▸ **Provided data**:
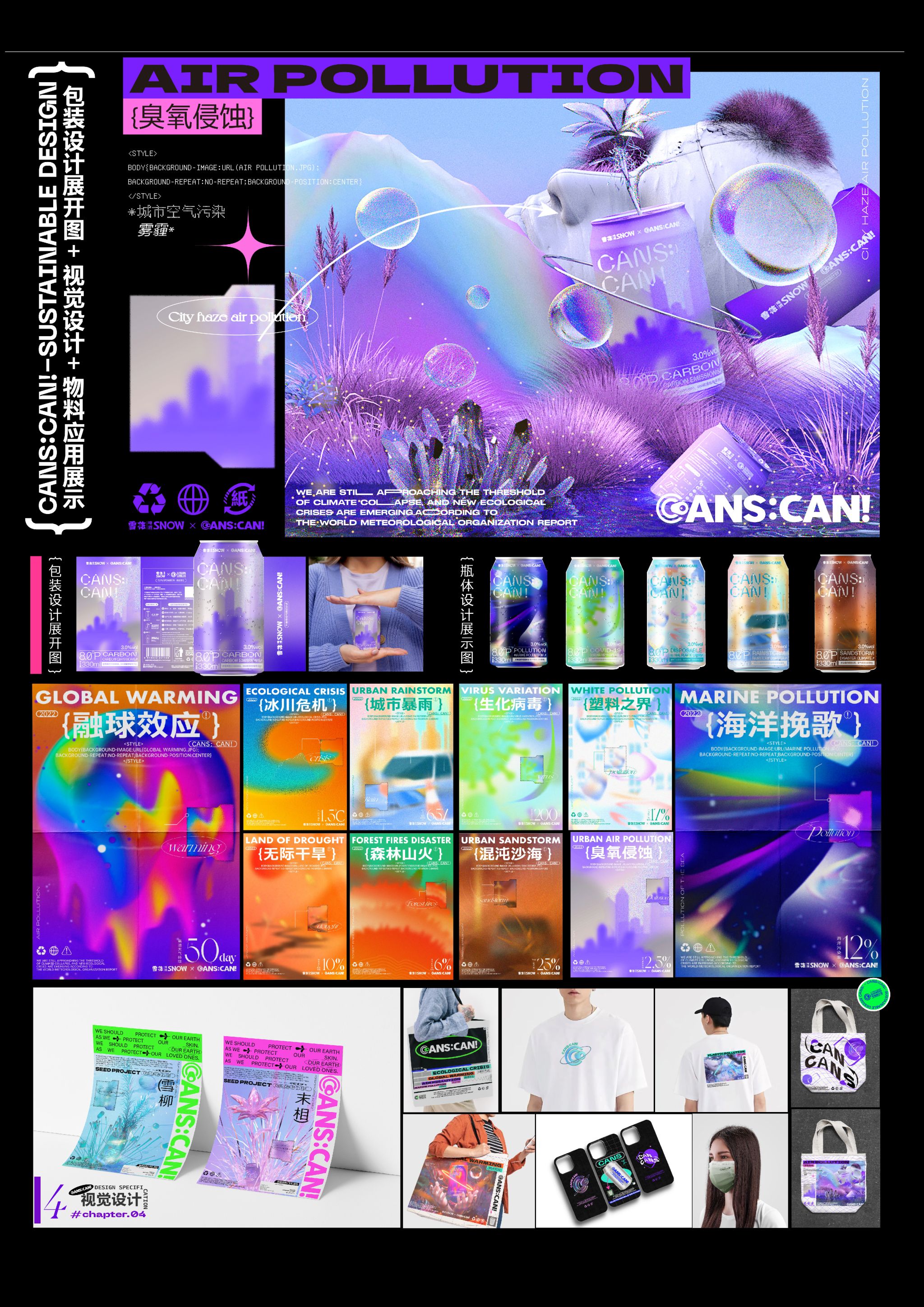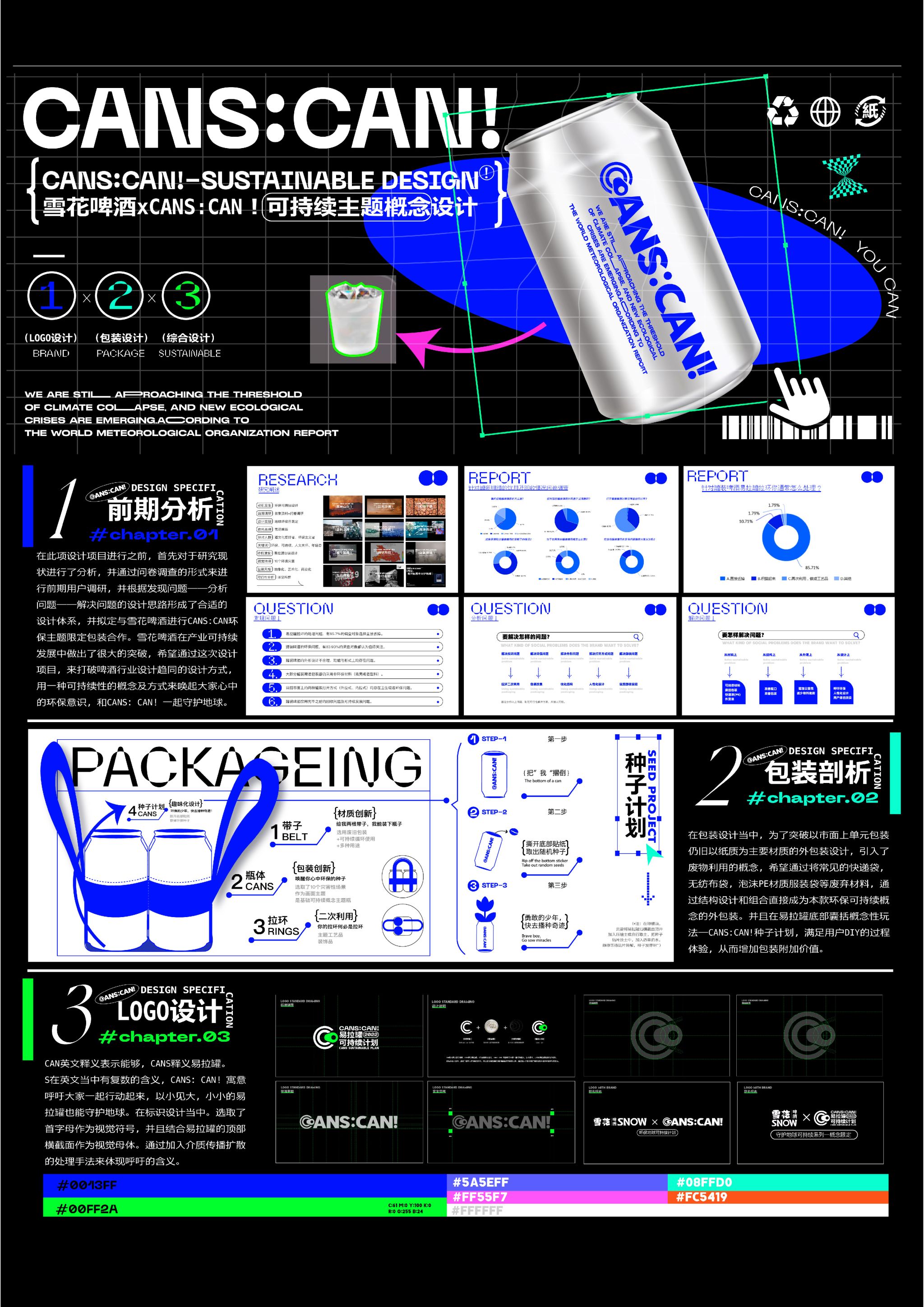 作品分为:CANS:CAN!品牌标识LOGO设计、雪花啤酒联名易拉罐主题环保视觉包装设计、以及环保主题衍生品设计和包装结构创新设计、AR交互。品牌设计:依据CANS:CAN!作为视觉符号进行设计。包装设计:选取了十个备受关注的环境问题进行切入。创新设计:AR图案交互,通过扫描瓶身图案使消费者身临其境。种植计划:易拉罐二次利用。
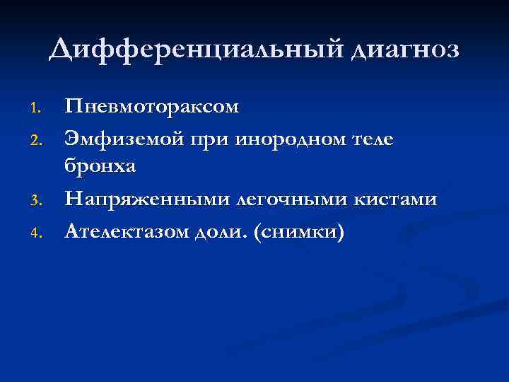 Дифференциальный диагноз 1. Пневмотораксом 2. Эмфиземой при инородном теле бронха 3. Напряженными легочными кистами 4. Ателектазом доли. (снимки)
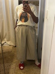 These pants are so cute and so stylish. I dressed them down with a cropped sweater and sneakers and also dressed them up with a sheer top and heels. They are the perfect fit. Narrow in the waist and wide leg. I would buy them if I wasn't in the midst of losing after baby weight.

▸ **Task instructions**:
Would you return all the data exactly as given, minus the pictures?

▸ **Answer to the exercise**:
 作品分为:CANS:CAN!品牌标识LOGO设计、雪花啤酒联名易拉罐主题环保视觉包装设计、以及环保主题衍生品设计和包装结构创新设计、AR交互。品牌设计:依据CANS:CAN!作为视觉符号进行设计。包装设计:选取了十个备受关注的环境问题进行切入。创新设计:AR图案交互,通过扫描瓶身图案使消费者身临其境。种植计划:易拉罐二次利用。
 Дифференциальный диагноз 1. Пневмотораксом 2. Эмфиземой при инородном теле бронха 3. Напряженными легочными кистами 4. Ателектазом доли. (снимки)
 These pants are so cute and so stylish. I dressed them down with a cropped sweater and sneakers and also dressed them up with a sheer top and heels. They are the perfect fit. Narrow in the waist and wide leg. I would buy them if I wasn't in the midst of losing after baby weight.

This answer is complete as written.